# Prove that the sequence does not have a convergent subsequence

• fabiancillo

#### fabiancillo

Hello i have problems with this exersice

Let $$\{X_{\alpha}\}_{\alpha \in I}$$ a collection of topological spaces and $$X=\prod_{\alpha \in I}X_{\alpha}$$ the product space. Let $$p_{\alpha}:X\rightarrow X_{\alpha}$$, $$\alpha\in I$$, be the canonical projections

a)Prove that a sequence $$\{a_n\}$$ converges on $$X$$ if and only if the sequence $$\{p_{\alpha}(a_n)\}$$ converges on $$X_{\alpha}$$ for all $$\alpha \in I$$.

b) Let $$I$$ the set of all sequences $$\alpha:\mathbb{Z}_{\geq 1}\rightarrow \{-1,1\}$$. Let the sequense $$a_n=\prod_{\alpha \in I}\alpha(n)\in [-1,1]^{I}$$. Prove that $$\{a_n\}$$ does not have a convergent subsequence. Is $$[-1,1]^{I}$$ sequentially compact?
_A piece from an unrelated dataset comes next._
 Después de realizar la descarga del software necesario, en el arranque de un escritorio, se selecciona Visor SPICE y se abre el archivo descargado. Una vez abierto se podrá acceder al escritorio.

Is $$[-1,1]^{I}$$ firts contable?

My attempt:
a) Take $$I = \mathbb{N}$$ and $$X_i = \mathbb{R}$$ for all $$i \in \mathbb{N}$$. Now the elements in $$X$$ are real sequences and the goal is to prove that if $$a_n$$ is a sequence of these sequences (i.e. a bi-infinite real sequence), then it converges if and only if the real sequence $$a_n^{(k)}$$ converges for all $$k \in \mathbb{N}$$.

How would the demonstration of the general case be?

b) I don't know

• Delta2
Moderator's note: Thread moved to Calculus & Beyond homework forum.

• Delta2
May be you can start with reminding yourself what it means for a sequence in a topological space to converge, and what the product topology is.
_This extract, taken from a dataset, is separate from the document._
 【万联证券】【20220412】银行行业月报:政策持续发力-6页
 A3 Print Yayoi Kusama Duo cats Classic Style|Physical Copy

If you put your LaTeX code in $ tags, it will be set inline. This takes up less space and makes your post easier to read: Let [itex]\{X_{\alpha}\}_{\alpha \in I}$ a collection of topological spaces and $X=\prod_{\alpha \in I}X_{\alpha}$ the product space. Let $p_{\alpha}:X\rightarrow X_{\alpha}$, $\alpha\in I$, be the canonical projections

a)Prove that a sequence $\{a_n\}$ converges on $X$ if and only if the sequence $\{p_{\alpha}(a_n)\}$ converges on $X_{\alpha}$ for all $\alpha \in I$.

b) Let $I$ the set of all sequences $\alpha:\mathbb{Z}_{\geq 1}\rightarrow \{-1,1\}$. Let the sequense $a_n=\prod_{\alpha \in I}\alpha(n)\in [-1,1]^{I}$. Prove that $\{a_n\}$ does not have a convergent subsequence. Is $[-1,1]^{I}$ sequentially compact? Is $[-1,1]^{I}$ firts contable?

• Keith_McClary
If you put your LaTeX code in [itex] tags, it will be set inline.
... or between pairs of ## tags, which I find easier to type. I don't use the itex ... /itex or tex ... /tex tags at all.